A recent study by the Healthcare Management Council, Inc. (HMC) found that US hospitals stand to save millions of dollars per year by eliminating treatment quality errors.

According to the study, a 200 bed hospital is likely throwing away $2 million dollars yearly because of bed sores, patient falls, and other never events and hospital acquired conditions (HACs).

The reason hospitals stand to lose so much from these quality of care errors is because Medicare has refused to reimburse hospitals for any costs associated with a never event or HAC. It is expected that soon private insurers will also deny hospitals reimbursement for these events. Because hospitals are forbidden from passing the costs associated with these events on to the patient, they end up eating the price of care.

The cost of care for these events is not cheap, and just a few events drive up the hospital bill significantly. The most prevalent events hospitals are being denied reimbursement for, are bed sores. HMC found that bed sore events were costing hospitals an average of $536,900 annually–at an average of $9,200 per event.

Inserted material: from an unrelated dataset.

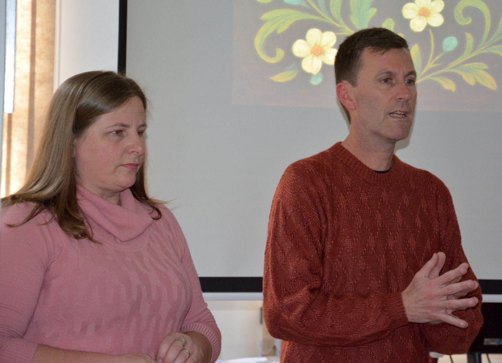 Prefeito César Juliano Bloemker (d) e vice-prefeita Simone Landmeier, que preside a comissão organizadora

The most expensive events are Postoperative pulmonary embolisms and deep-vein thrombosis (DVT). Although these occurred less than bed sores, the $15,500 average cost per event bumped the total annual cost of these events to $564,000 per hospital on average.

The monetary cost isn’t the bottom line. Thousands of deaths occur in hospitals each year due to never events and HACs–events that have been deemed preventable by the Centers for Medicare & Medicaid Services (CMS).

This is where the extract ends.